Q_{d }= 0.0315 * 10^{6 }* 2/10 =
6,300 scfm

V_{face }= Qd/A = 6300/80 = about 80 fpm

2.
What
is q, the volume flow rate of vapor formed, if 500 grams of xylene are
evaporated uniformly over a 4-hr shift?
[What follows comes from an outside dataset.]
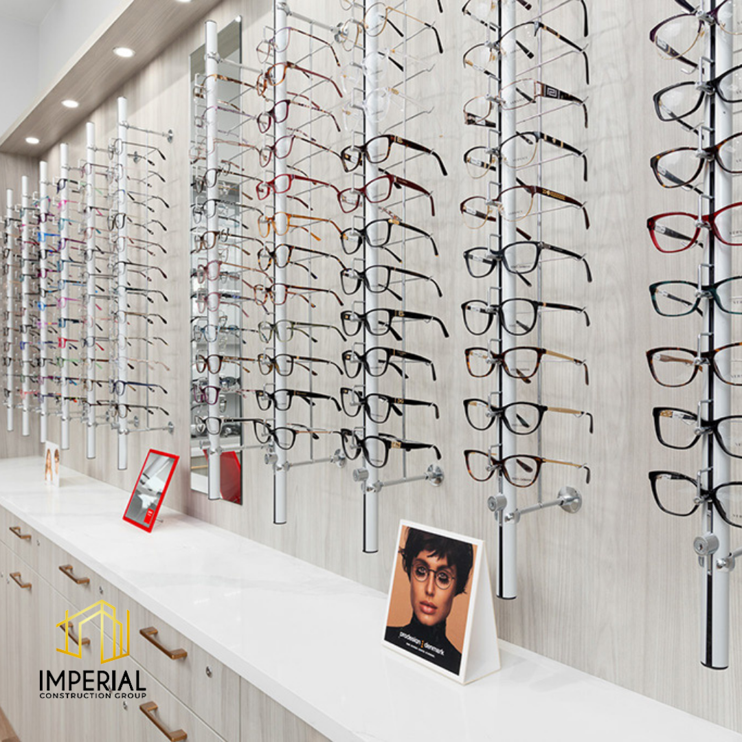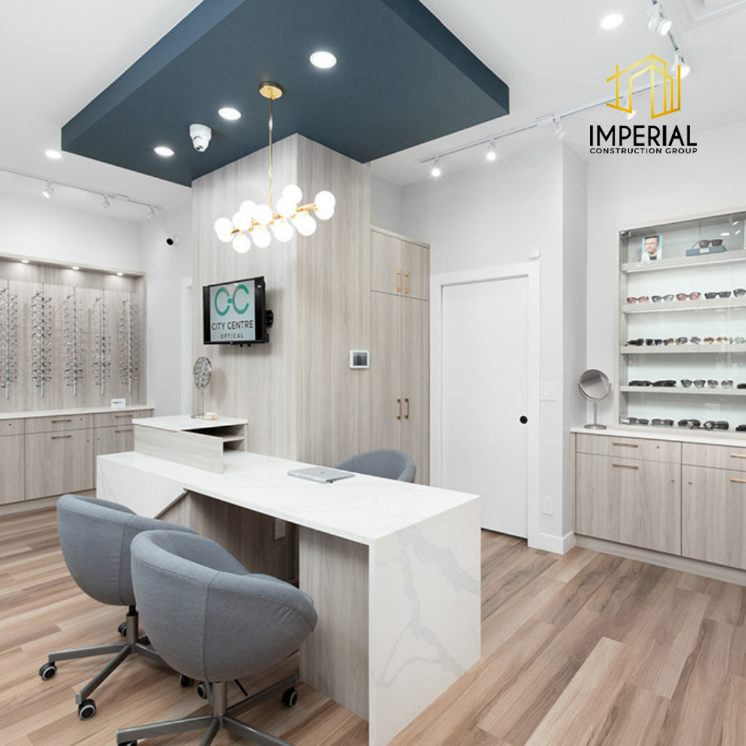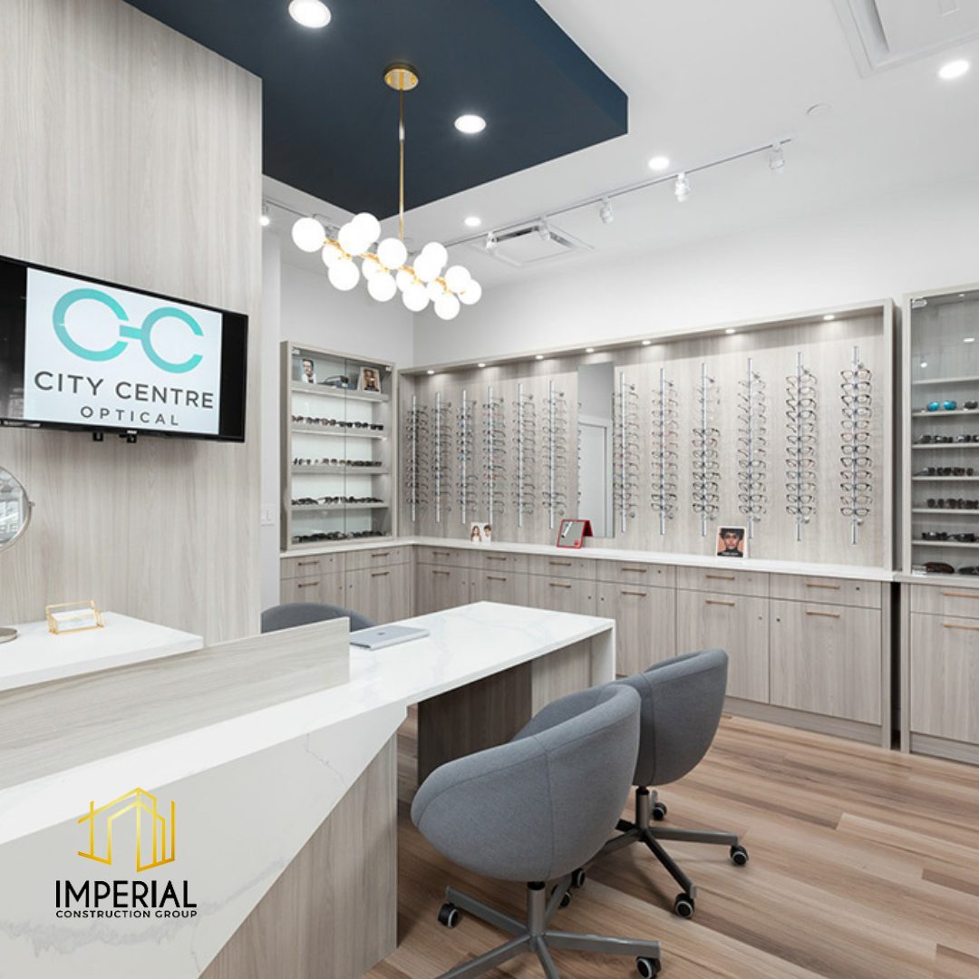 Imperial Construction Group starts each optometry clinic renovation with the goal of providing the best patient access. This is achieved through a thoughtful design layout that enhances the navigation of the clinic with ease. This optometry clinic is modern and refreshed thanks to our expert design team. This 2,500 sq ft project included a waiting area and 5 examination rooms and offices. Custom display and storage units were added for the presentation of eyewear to patients.

What volume flow rate Q_{d }is
required for dilution to 25 ppm, if K_{mixing }= 1.5? (Assume STP; d=1.0)

**Solution:**

** **

q = 0.0241 * grams evaporated/MW * seconds * d

q = 0.0241 * 500/106.2 * 4 * 60 * 60 * 1.0 = 7.88 *
10^{-6} acms at STP (i.e. scms)

Q_{d }= q * 10^{6 }* K_{mixing}/Ca
(ppm)

Q_{d }= 7.88 * 10^{-6 }* 10^{6 }*
1.5/25 = 0.47 acms at STP

3.
Calculate
N (number of air changes per hour)

**Solution:**

** **

(i) Q = 6,300 scfm, Volume, V = 10’ * 8’ * 40’ =
3,200 cubic feet [3,200 * 0.0283 = 90.5 cubic meters)

N = Q *
60/Vol = 6,300 * 60/3200 = 120 ac/hr

(i) Q = 0.47 acms, Volume, V = 10’ * 8’ * 40’ =
3,200 cubic feet [3,200 * 0.0283 = 90.5 cubic meters)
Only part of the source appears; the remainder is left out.